Edwin Tenorio

Personal information
- Full name: Edwin Rolando Tenorio Montaño
- Date of birth: 16 June 1976 (age 50)
- Place of birth: Esmeraldas, Ecuador
- Height: 1.72 m (5 ft 7+1⁄2 in)
- Position: Defensive midfielder

Senior career*
- Years: Team / Apps / (Gls)
- 1995–2000: Aucas / 117 / (8)
- 1999: → Wilstermann (loan) / 0 / (0)
- 2000–2001: Veracruz / 7 / (1)
- 2002–2006: Barcelona SC / 174 / (0)
- 2007: LDU Quito / 15 / (0)
- 2008–2009: Deportivo Quito / 41 / (2)
- 2009–2010: Deportivo Pereira / 10 / (0)
- 2010: Deportivo Quito / 14 / (0)
- 2011: Imbabura / 23 / (1)
- 2012: Grecia / 15 / (0)
- Total:  / 416 / (12)

International career
- 1998–2007: Ecuador / 78 / (0)

= Edwin Tenorio =

Ecuadorian footballer (born 1976)

Edwin Rolando Tenorio Montaño (born 16 June 1976) is a retired Ecuadorian football midfielder.

==Club career==
Before playing for his current club, Tenorio played for Sociedad Deportiva Aucas, Barcelona Sporting Club and LDU Quito where he was part of the squad that won the 2007 league championship.
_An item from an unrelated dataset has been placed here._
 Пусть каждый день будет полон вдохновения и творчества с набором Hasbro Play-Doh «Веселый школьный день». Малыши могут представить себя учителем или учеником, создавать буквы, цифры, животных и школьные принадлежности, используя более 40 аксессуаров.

On 26 June 2009 he signed for Colombian club Deportivo Pereira.

==International career==
Between 1998 and 2007 he won 78 caps for Ecuador and was called up to the squad to participate in the 2002 FIFA World Cup and the 2006 World Cup. In both tournaments, he formed part of the starting line up. He was named deputy captain for the national side in an August 2006 friendly against South American rivals, Peru. The game ended in a 1–1 draw. He made his debut for the national squad on 14 October 1998 with a loss (1–5) in a friendly against Brazil.

Tenorio is known for his combative spirit on and off the field. While he never scored for the senior team, he has displayed on occasion a tremendously powerful shot and set up a few goals for his offensive teammates.
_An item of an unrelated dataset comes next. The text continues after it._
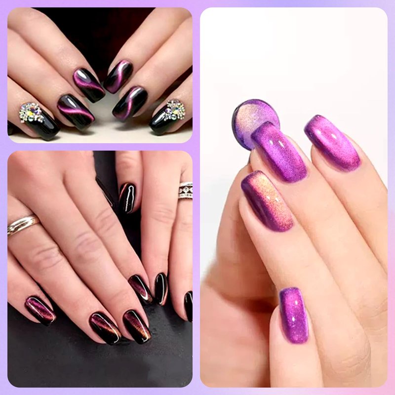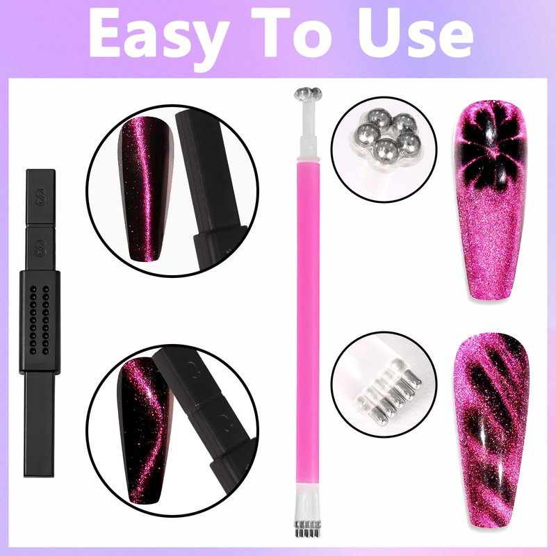 - Easy To Use: First, apply cat eye gel nail polish on nails. Second, keep the magnetic nail wand closely stay over to nail surface for 10-15 seconds to achieve the cat eye effect you want (remember not to touch the nail surface). Third, immediately cure it with UV or LED light for 60 seconds.

Tenorio was the first choice defensive midfielder for Ecuador in the 2002 FIFA World Cup in Japan-Korea and 2006 FIFA World Cup in Germany. In Germany, he formed an impressive defensive midfielder partnership with Segundo Castillo, helping Ecuador make it to the Round of 16. He also participated in Copa América 2001, 2004 and 2007.

Tenorio will now coach the Canal FC league in San Rafael, California.